The Alzheimer Disease Protective Mutation A2T Modulates Kinetic and Thermodynamic Properties of Amyloid-β (Aβ) Aggregation

Missense mutations in alanine 673 of the amyloid precursor protein (APP), which corresponds to the second alanine of the amyloid beta (A beta) sequence, have dramatic impact on the risk for Alzheimer disease; A2V is causative, and A2T is protective. Assuming a crucial role of amyloid-A beta in neurodegeneration, we hypothesized that both A2V and A2T mutations cause distinct changes in A beta properties that may at least partially explain these completely different phenotypes. Using human APP-overexpressing primary neurons, we observed significantly decreased A beta production in the A2T mutant along with an enhanced A beta generation in the A2V mutant confirming earlier data from non-neuronal cell lines.

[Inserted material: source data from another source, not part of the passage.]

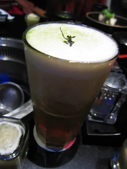 微甜而香氣十足的煎茶搭配上濃郁的奶泡獨具巧思地灑上些許的鹽,
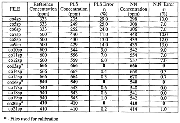 The summed-squared error for the neural network technique is 892 and the summed-squared error for the PLS technique is 2,285. The worst case error for the neural network technique is 13.0 and the worst case the error for the PLS technique is 29.0. Both measures show that the neural network produces a more accurate estimate of the CO concentration in excess of a factor of two.
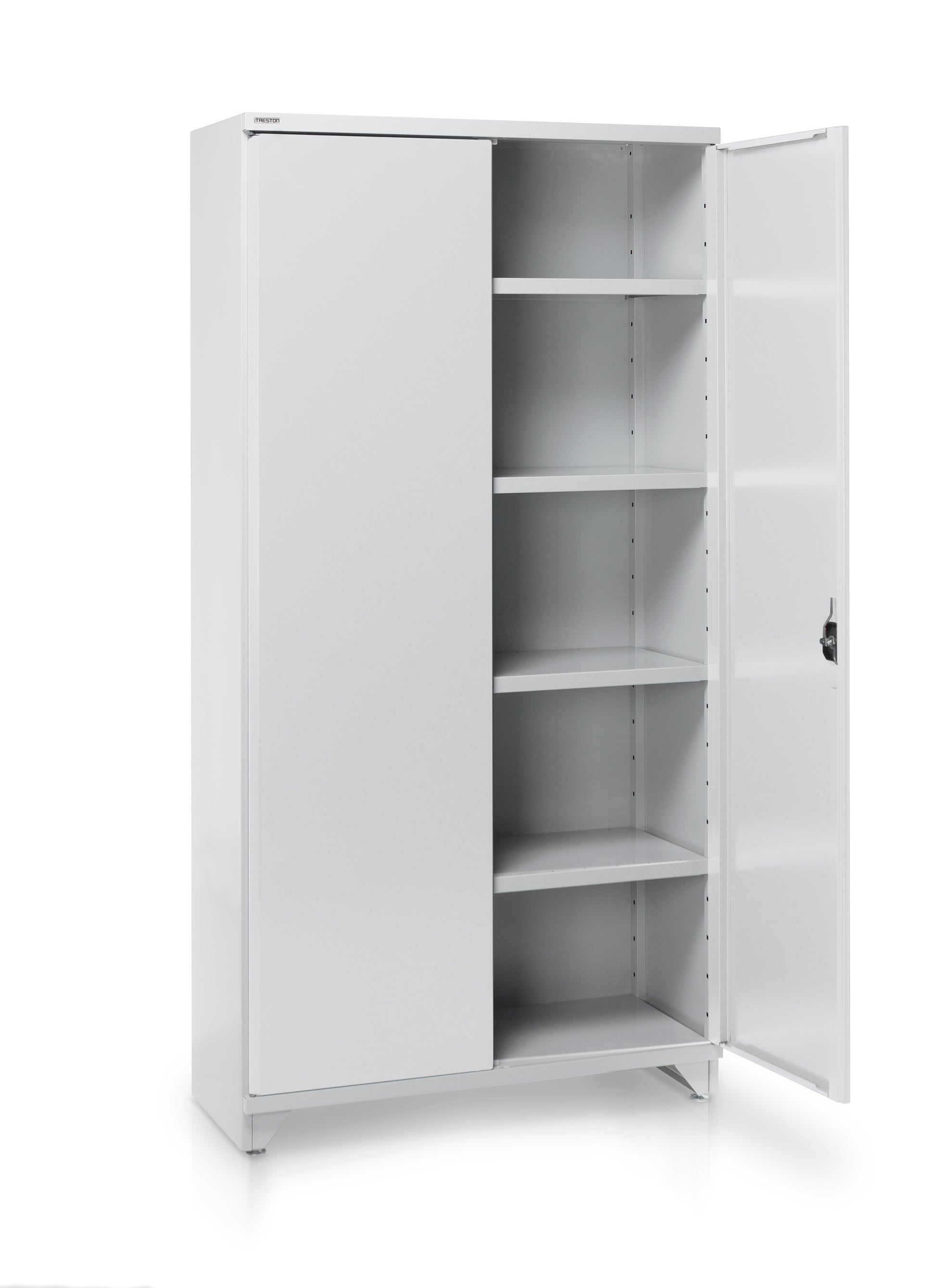 . The cabinet has sturdy double leaf-doors, flush fitting handle with two keys. Shelving cabinet can be moved with fork lift when it is empty and there are leveling screws under the cabinet for adjusting the cabinet straight. The shelving cabinets are pre-assembled.
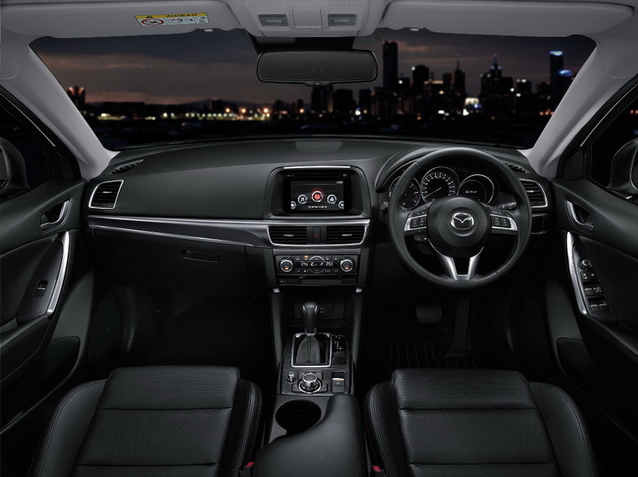 ด้วยแผงคอนโซลหน้า คอนโซลกลาง และแผงประตู ที่ถูกออกแบบใหม่ เน้นการใช้สีเงินวาว และสีเงินซาตินโครม ให้ผู้ขับขี่ และผู้โดยสาร สัมผัสกับการใช้ชีวิตบนท้องถนนอย่างมีคลาส และยังมีวัสดุหุ้มพวงมาลัย มาพร้อมกับแผงหน้าปัดใหม่ บ่งบอกถึงคุณภาพ และรสนิยมที่เหนือระดับ การออกแบบภายในเน้นหลักการทำงานตามธรรมชาติสรีระของการเคลื่อนไหวของมนุษย์ จัดวางอุปกรณ์ทุกชิ้น ให้อยู่ในตำแหน่งศูนย์กลางที่ผู้ขับขี่ไม่ต้องละสายตาจากถนน ทำให้ New Mazda CX-5 เป็นรถเอสยูวีที่โดดเด่นในทุกมุมมอง
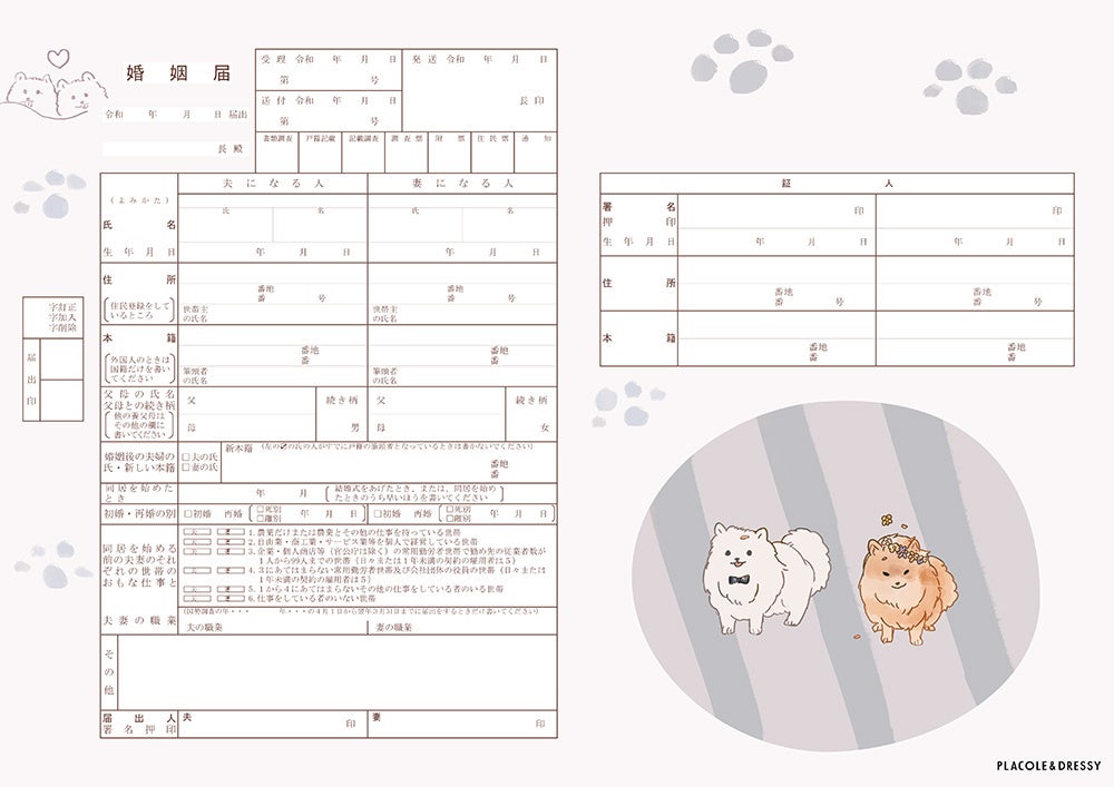 今回の新作は、ご当地シリーズ2種類、動物シリーズ1種類、趣味シリーズ1種類の全4種類のデザインです。さらに印刷の仕方がわからない方、高品質で印刷したい方向けに購入サイトにもデザイン追加。以下よりチェックしてみてくださいね。10月の新デザインも、多くのカップルにとって特別な1枚となること間違いなしです。ぜひ『PLACOLE&DRESSY婚姻届』をダウンロードして、お二人にぴったりのデザインを見つけてください。
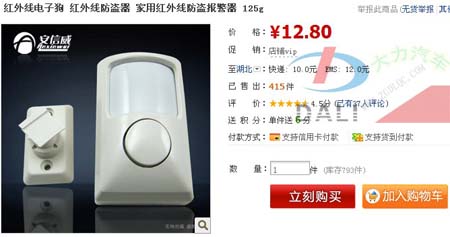小編測(cè)試的這個(gè)紅外報(bào)警器是在淘寶商城上買的,非常的便宜才12.8元,加上10快錢的郵費(fèi)也就20多塊。
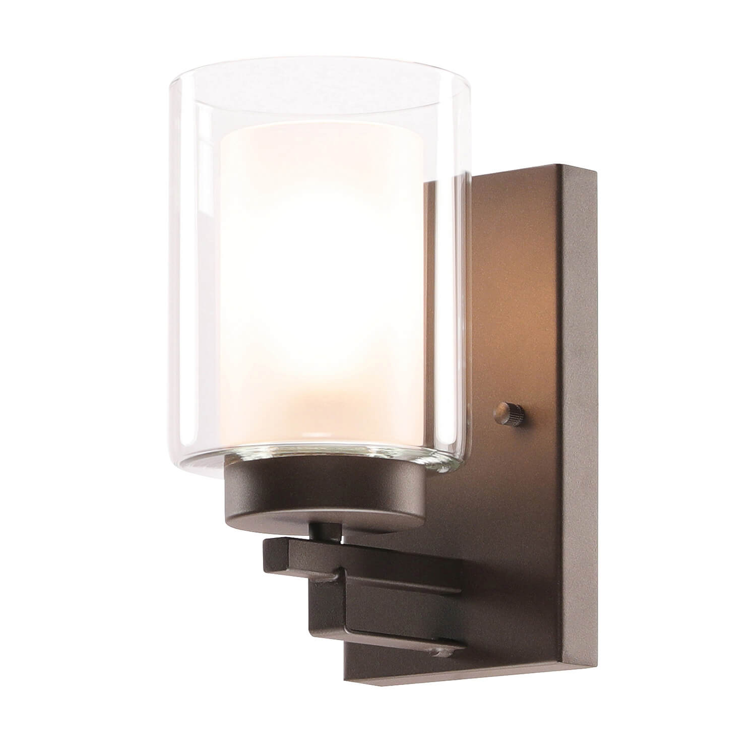 This 1 Light Wall light fixture is a hardwired product, that features dual shade (outer clear glass and inner frosted glass), minimal detailing, and in dark bronze finish.
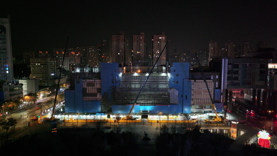 在徐州市中心,金鹰国际购物中心A座正在进行楼体改造,不仅加盖一整层,更在设计上延续了B座外立面的风格 蓝莓TV,这座地标性建筑即将焕然一新。
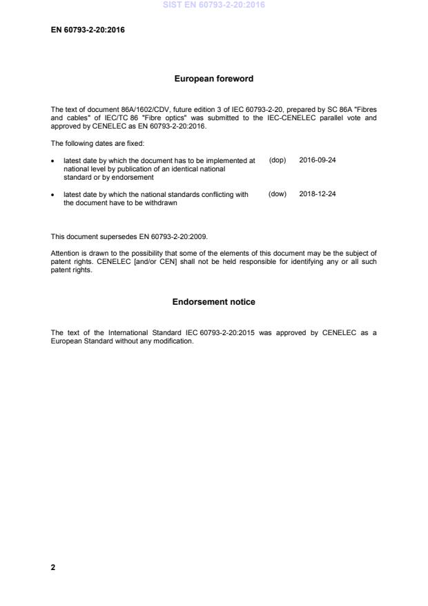 This document supersedes EN 60793-2-20:2009. Attention is drawn to the possibility that some of the elements of this document may be the subject of patent rights. CENELEC [and/or CEN] shall not be held responsible for identifying any or all such patent rights. Endorsement notice The text of the International Standard IEC 60793-2-20:2015 was approved by CENELEC as a European Standard without any modification. SIST EN 60793-2-20:2016
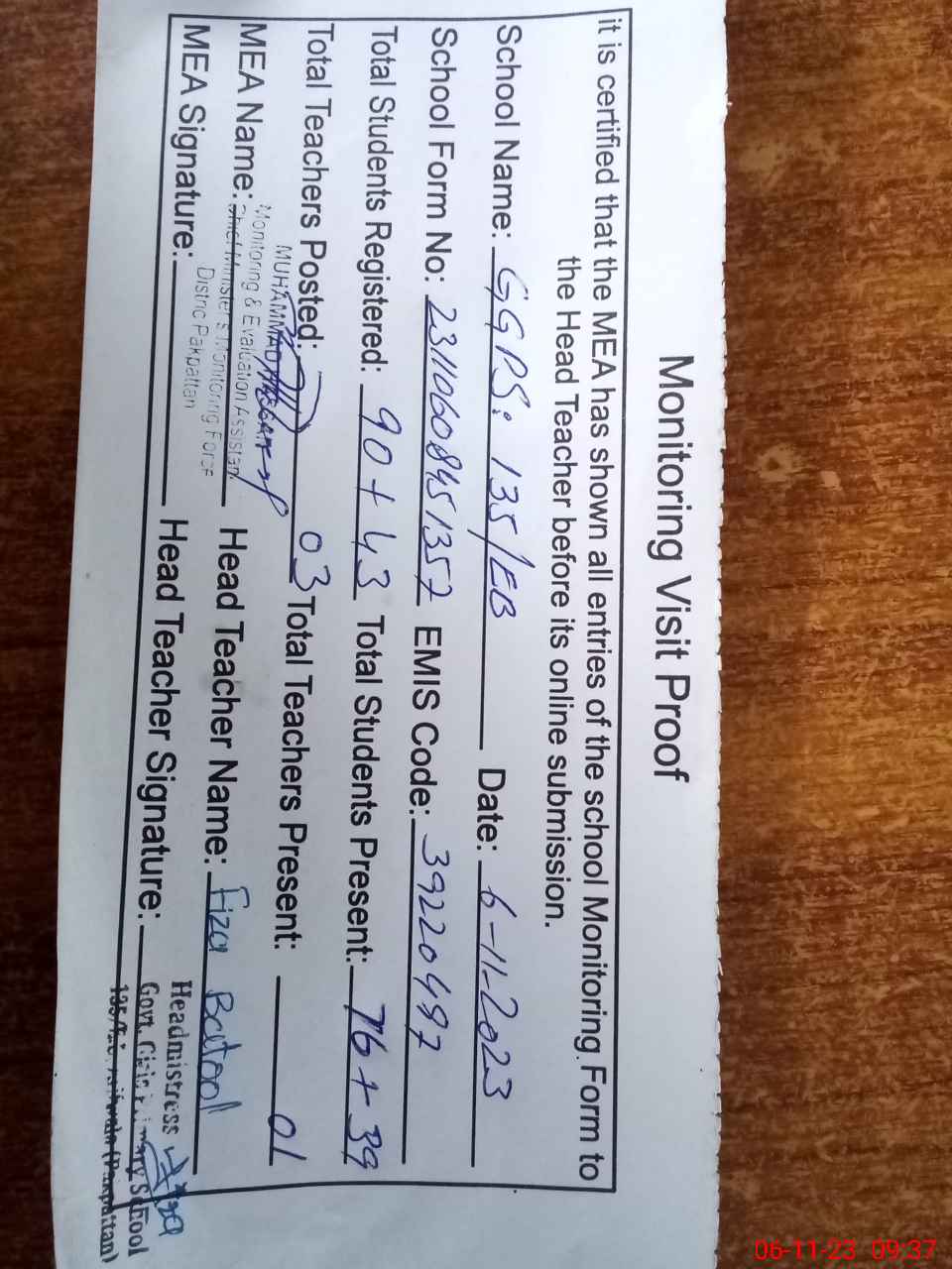 | Attendance Register | Head Teacher | MEA with School | Visit Proof |

More importantly, thioflavin T fluorescence assays revealed that the mutations, while having little effect on A beta 42 peptide aggregation, dramatically change the properties of the A beta 40 pool with A2V accelerating and A2T delaying aggregation of the A beta peptides. In line with the kinetic data, A beta A2T demonstrated an increase in the solubility at equilibrium, an effect that was also observed in all mixtures of the A2T mutant with the wild type A beta 40. We propose that in addition to the reduced beta-secretase cleavage of APP, the impaired propensity to aggregate may be part of the protective effect conferred by A2T substitution. The interpretation of the protective effect of this mutation is thus much more complicated than proposed previously.